Hipmi Minta Koperasi Produktif Lebih Digalakkan

Hipmi Minta Koperasi Produktif Lebih Digalakkan
Ketua Bidang Ekonomi Kreatif, Pariwisata, Koperasi dan UMKM Badan Pengurus Pusat (BPP) Himpunan Pengusaha Muda Indonesia (Hipmi), Rano Wiharta. (Foto: Beritasatu.com / Herman)
Herman / EHD Minggu, 12 Juli 2020 | 15:13 WIB

Jakarta, Beritasatu.com - Ketua Bidang Ekonomi Kreatif, Pariwisata, Koperasi dan UMKM Badan Pengurus Pusat (BPP) Himpunan Pengusaha Muda Indonesia (Hipmi), Rano Wiharta menilai asas kekeluargaan yang menjadi tujuan dibentuknya koperasi saat ini mulai kehilangan ruh-nya. Koperasi simpan pinjam dalam beberapa tahun terakhir ini memang masih memperlihatkan geliatnya. Tetapi khusus untuk koperasi sektor riil atau produktif, perkembangannya dinilai lamban.

Karenanya, di moment Hari Koperasi ke-73 ini, Rano berharap pemerintah lebih menggalakkan lagi koperasi yang sifatnya lebih produktif, misalnya koperasi nelayan, kopersi pengrajin, koperasi petani, koperasi pekebun, dan lain sebagainya.

“Kopersi simpan pinjam perkembangannya lebih pesat. Ini patut disyukuri, meskipun ini lebih mendorong sifat yang konsumtif dan bukan produktif seperti koperasi pengrajin, koperasi nelayan, koperasi petani, dan lain-hal. Koperasi produktif ini sekarang tidak berjalan dengan baik. Orang-orang sekarang lebih memilih yang konsumtif, yang justru membuat koperasi simpan pinjam berkembang liar,” kata Rano Wiharta kepada Beritasatu.com, Minggu (12/7/2020).

Perihal anggapan bahwa koperasi belum memberikan kesejahteraan rakyat, di mana salah satu indikatornya adalah Sisa Hasil Usaha (SHU) yang tergolong minim, menurut Rano hal ini terjadi akibat kesadaran anggota dalam mengembangkan koperasi yang juga masih sangat minim.

Di sisi lain, koperasi simpan pinjam juga menghadapi tantangan dari perbankan. Apalagi Kredit Usaha Rakyat (KUR) dari perbankan juga sudah lebih mudah dijangkau.
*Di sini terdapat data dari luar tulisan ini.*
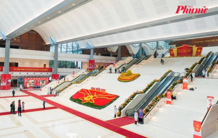 Trung tâm Hội nghị Quốc gia (Hà Nội) – nơi diễn ra Đại hội đại biểu toàn quốc lần thứ XIV của Đảng – đã cơ bản hoàn tất công tác chuẩn bị. Bên trong sảnh chính, không gian được trang hoàng trang trọng với cờ hoa, biểu ngữ, tạo khí thế nghiêm trang, đúng tầm vóc của sự kiện chính trị trọng đại của đất nước.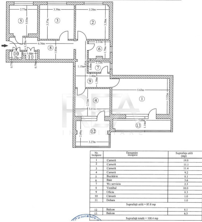Se află la etajul 7 al unui bloc cu 10 etaje și are o suprafață utilă totală de 100 mp, din care 14 mp sunt reprezentați de cele două balcoane.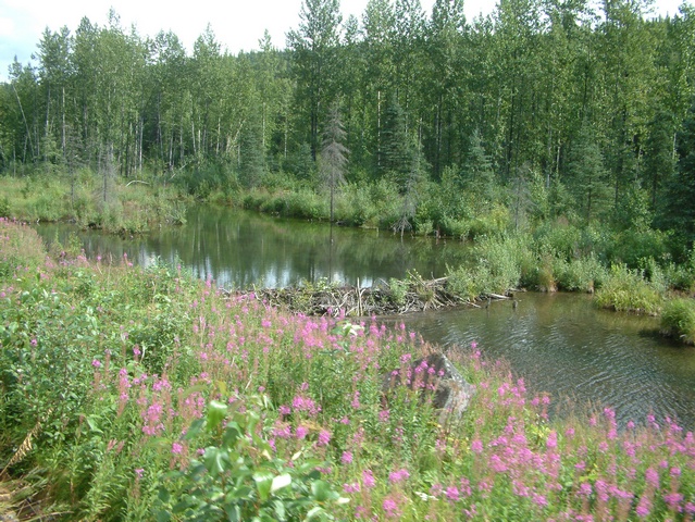 railroad, another river is nearby with a beaver dam.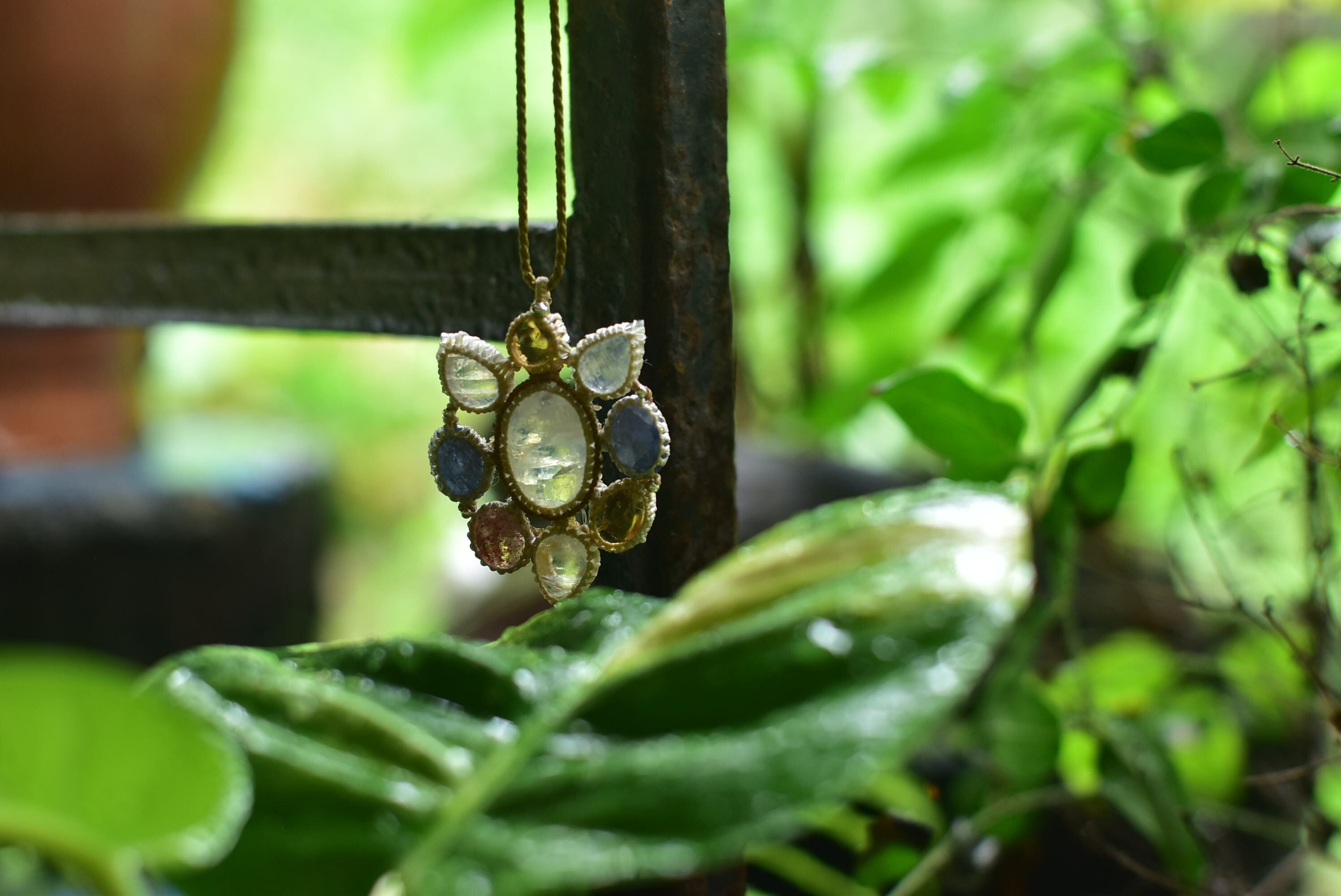 ブルーシラーが妖艶な色合いのレインボームーンストーンを土台に小さな石を結んでひとつにしたお花ペンダントを仕上げました。どちらかというと流星のようなイメージに。

“Koperasi simpan pinjam memang sempat booming sekitar 3 tahun lalu, walaupun sebenarnya bunganya lebih tinggi dibandingkan bunga bank. Ketika mulai ada KUR masuk di desa-desa, lalu bank punya cabang kecil di daerah, koperasi simpan pinjam juga mulai tergerus. Apalagi KUR juga sudah mulai mudah dengan bunga yang lebih bersahabat, sehingga membuat koperasi simpan pinjam saat ini bleeding juga, berdarah-darah dan banyak yang akhirnya gulung tikar,” kata Rano.

Yang juga menurutnya sangat penting adalah terkait sosialisasi koperasi yang dinilai Rano sudah mulai berkurang. Padahal beberapa tahun lalu setiap sekolah memiliki koperasi sebagai sarana belajar bagi para siswa mengenai konsep koperasi.

“Koperasi harus lebih disosialisasikan lagi kepada generasi muda. Koperasi di tingkat sekolah harus dihidupkan kembali, sehingga anak-anak muda kita bisa diajarkan bagaimana berkembang dengan koperasi,” kata Rano.

Tetapi meskipun tantangan yang dihadapi koperasi di Indonesia cukup berat, Rano tetap optimistis dengan masa depan koperasi. “Bila pemerintah serius, saya optimis koperasi bisa lebih baik. Makanya harus ditanamkan dari usia dini untuk memperkenalkan koperasi,” kata Rano.